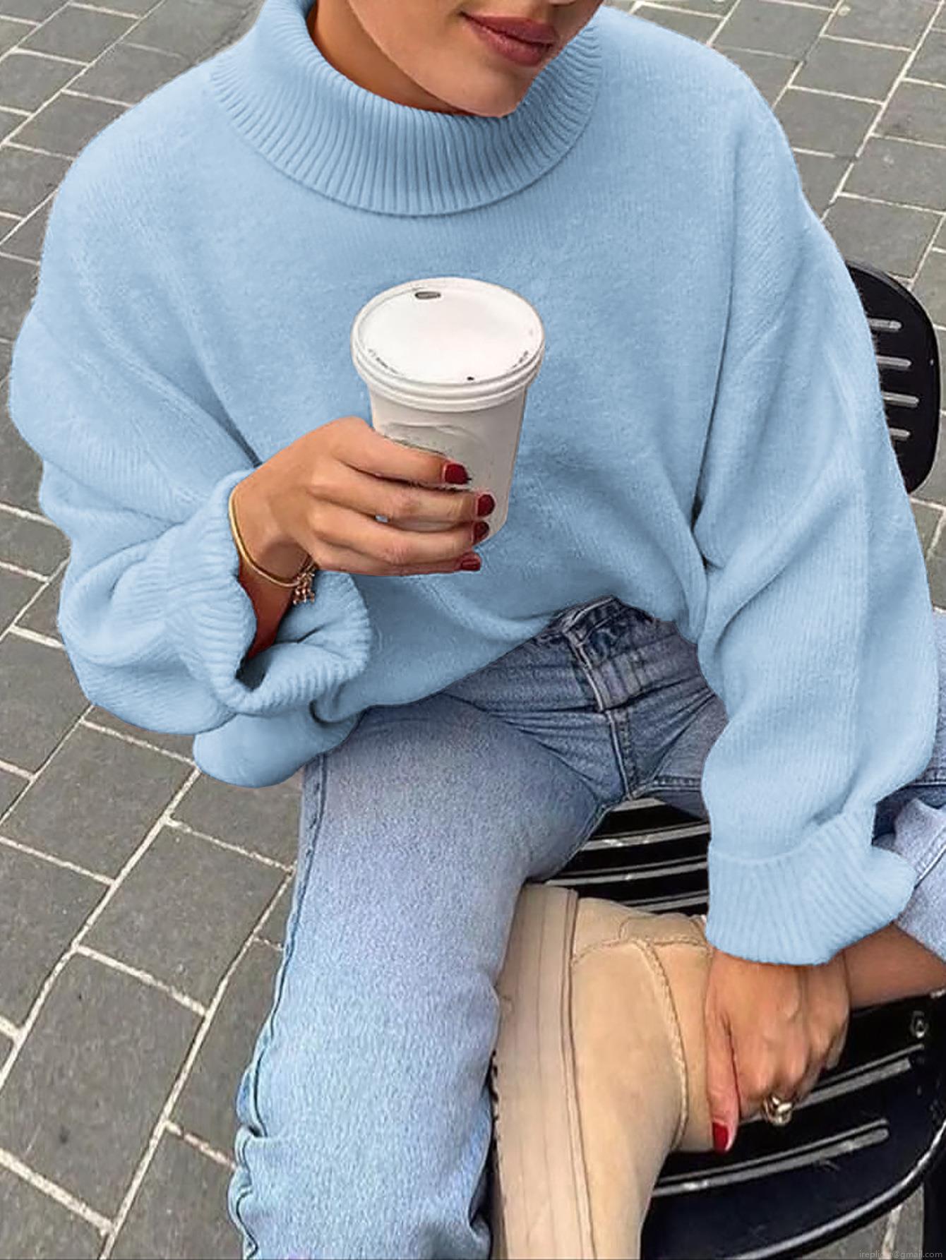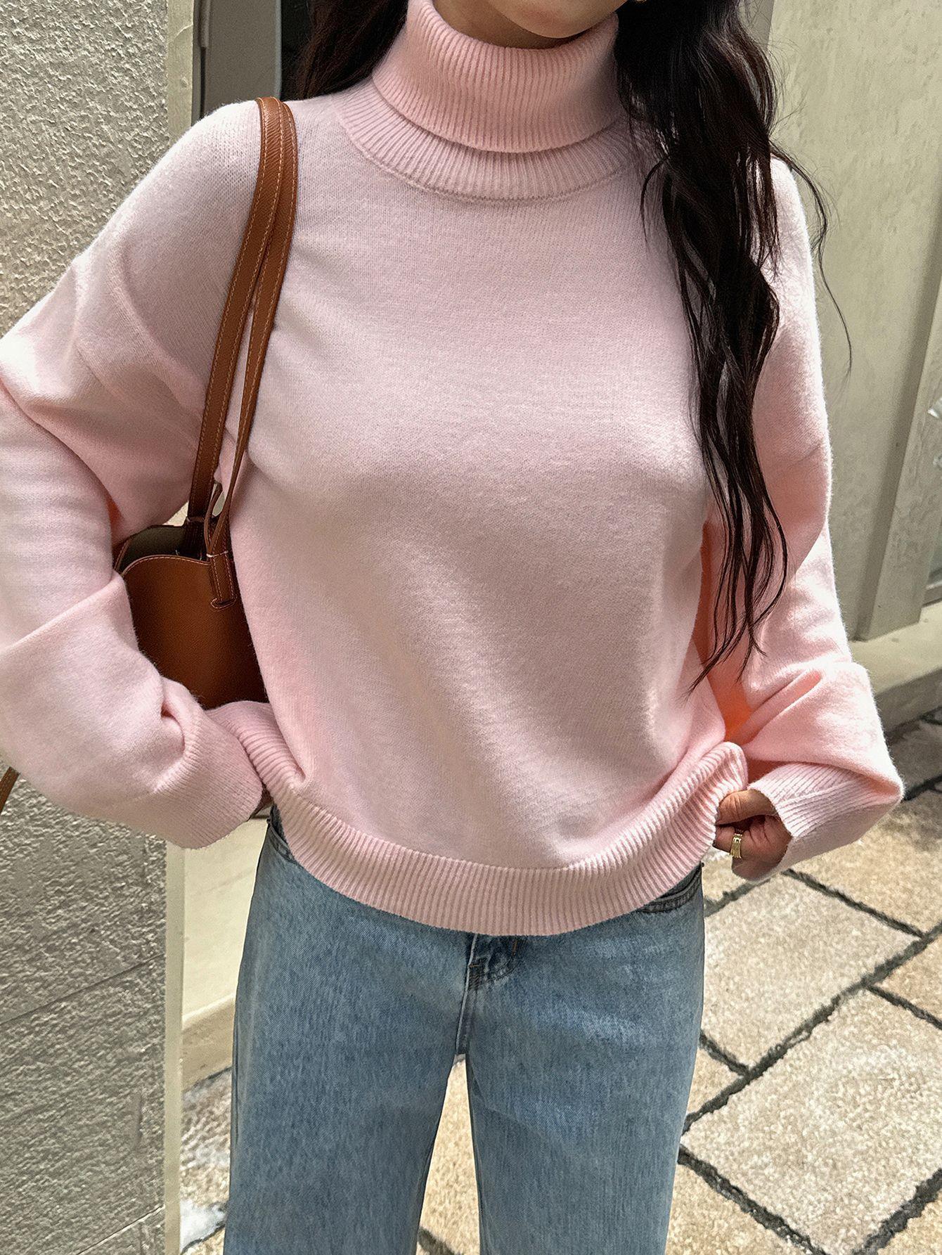Women's Turtleneck Sweater Casual Loose Knit Pullover Soft Acrylic Blend Solid Color Long Sleeve Warm Jumper For Fall Winter Women
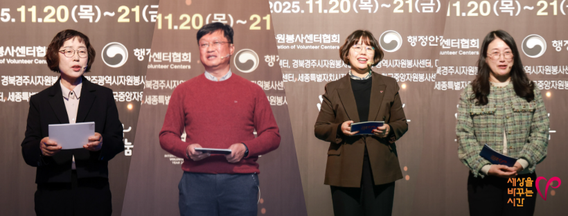 2025년 11월, 경주에서 제22회 대한민국자원봉사센터대회가 개최되었습니다. 그 중 관리자들의 이야기를 직접 들어보는 '세상을 바꾸는 시간V' 코너가 있었는데요. 4명의 자원봉사센터 관리자의 진심 담긴 사연을 들을 수 있는 시간이었습니다. 전국에서 모인 500여 명의 자원봉사센터 동료 관리자들에게 어떤 이야기를 들려주었는지 전해드립니다.... 보러가기🔍
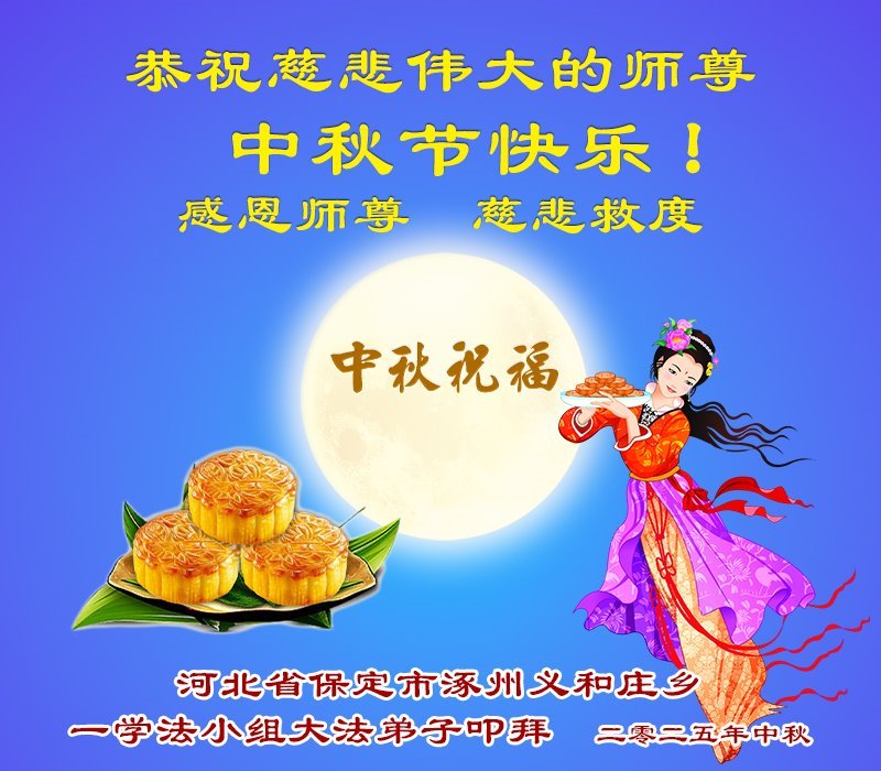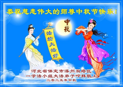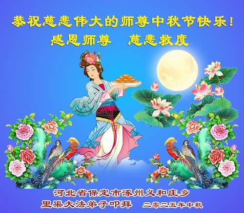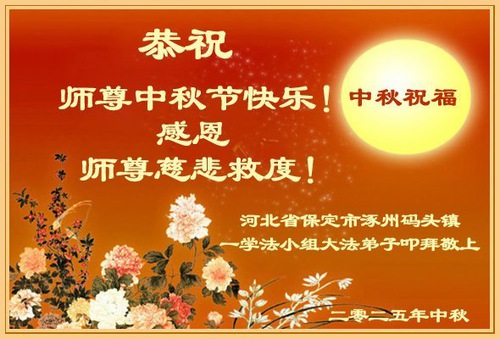 Falun Dafa Practitioners from Baoding City Respectfully Wish Master Li Hongzhi a Happy Mid-Autumn Festival (24 Greetings)
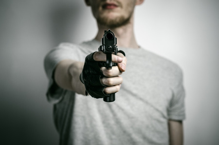 Horror and firearms topic: the killer with a gun in his hand in black gloves on a gray background
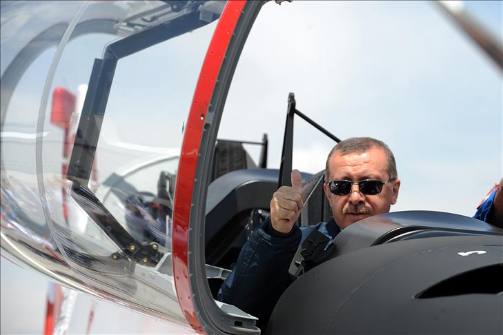 Erdoğan, yaptığı konuşmanın ardından, hangardan çıkarılan ''Türk Başlangıç ve Temel Eğitim Uçağı'' HÜRKUŞ'un başına geldi. Burada pilot montu giyen Erdoğan, uçağa binerek poz verdi. Erdoğan, kokpitte uçakla ilgili olarak, ''gayet güzel, gayet modern'' dedi.

-------------------------

What the exercise asks: Repeat nothing but the lines from the one containing "Falun Dafa Practitioners" through the end of the entries, exactly, and skip the pictures.

Solved exercise:
 Falun Dafa Practitioners from Baoding City Respectfully Wish Master Li Hongzhi a Happy Mid-Autumn Festival (24 Greetings)
 Horror and firearms topic: the killer with a gun in his hand in black gloves on a gray background
 Erdoğan, yaptığı konuşmanın ardından, hangardan çıkarılan ''Türk Başlangıç ve Temel Eğitim Uçağı'' HÜRKUŞ'un başına geldi. Burada pilot montu giyen Erdoğan, uçağa binerek poz verdi. Erdoğan, kokpitte uçakla ilgili olarak, ''gayet güzel, gayet modern'' dedi.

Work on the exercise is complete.